The standout tax firms — especially those with higher billing rates and strong staff-to-partner ratios — are combing scale, leverage, and premium pricing to widen the gap between them and competitors. The message is clear: Profitable growth now depends less on squeezing more hours and more on getting the business model right.

Indeed, the report noted several areas in which tax firms leaders need to pay special attention.

Talent: Retention is better — but capacity isn’t the same as productivity

The report reveals turnover among tax professionals has fallen to its lowest level in years, which is a positive development. Yet billable hours per professional have declined, and many teams are logging less than 1,400 hours annually.

In response, some firms are hiring to build capacity, but revenue per full-time equivalent (FTE) employees slipped for the first time in five years — a signal that headcount without redesign is a blunt instrument. Offshoring and outsourcing remain in the toolkit, especially for larger firms, but as retention improves, the hiring mix is shifting from emergency capacity to structured, strategic resourcing. The imperative is smarter workload orchestration, not more bodies.
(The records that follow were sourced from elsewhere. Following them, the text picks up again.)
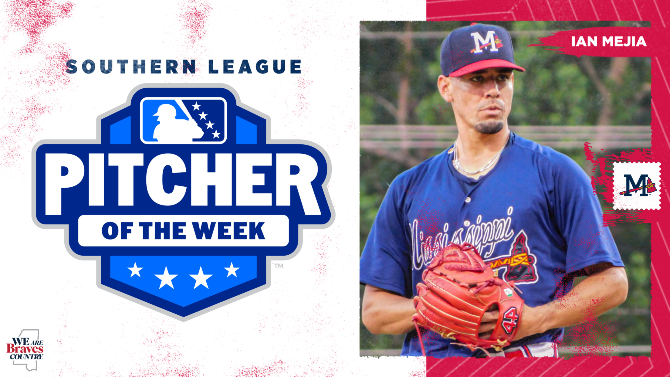 PEARL, MS (May 6, 2024) — Mississippi Braves right-handed pitcher Ian Mejia was named Southern League Pitcher of the Week, as announced Monday by Minor League Baseball.
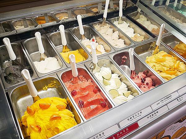 冰品的口味相當豐富,一字排開超繽紛,而且會依季節更換,每次來都有不同風味可以嘗試
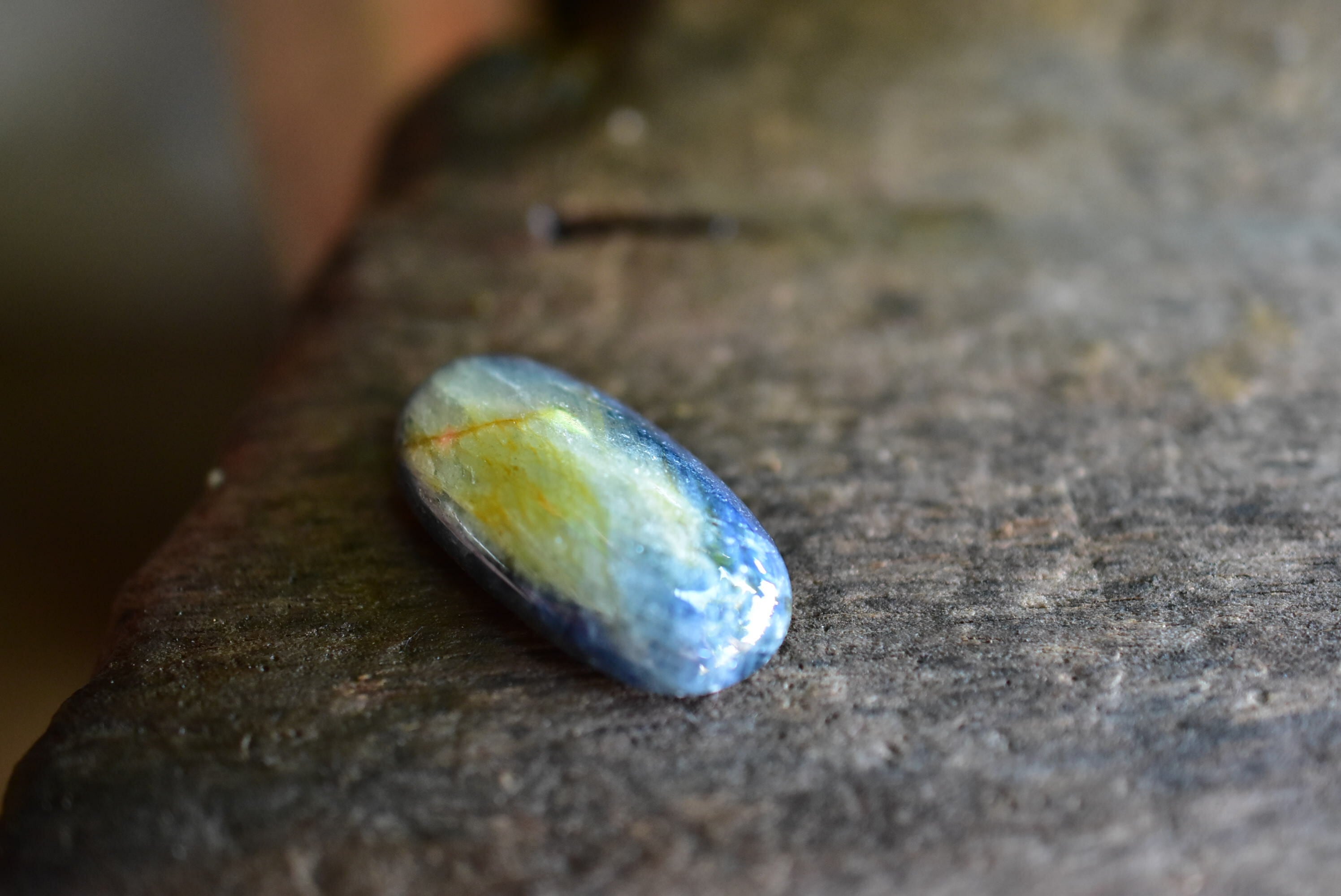 鮮やかなブルーと、淡いイエローカラーが混じりあった天然石は

Strategy is no longer optional

Firms with a clear, written strategy and marketing plan are out-earning their peers, the report showed. That’s not correlation by accident — it’s the compounding effect of decisive prioritization. When leaders articulate where the firm will play and how it will win, then firm investments align with strategy, pricing reflects value, and teams understand how to move the needle. Having vague ambitions is expensive, precision pays much better.

Advisory is the growth flywheel

Advisory service lines — particularly investment advisory and proactive tax planning — are expanding faster than traditional compliance. The most resilient firms are shaping portfolios that blend recurring compliance jobs with scalable advisory roles, thus smoothing revenue cyclicality and deepening client relationships. Technology is central here because it doesn’t just compress the cost of compliance work, it liberates capacity that can be redeployed into offering advice for which clients will happily pay a premium.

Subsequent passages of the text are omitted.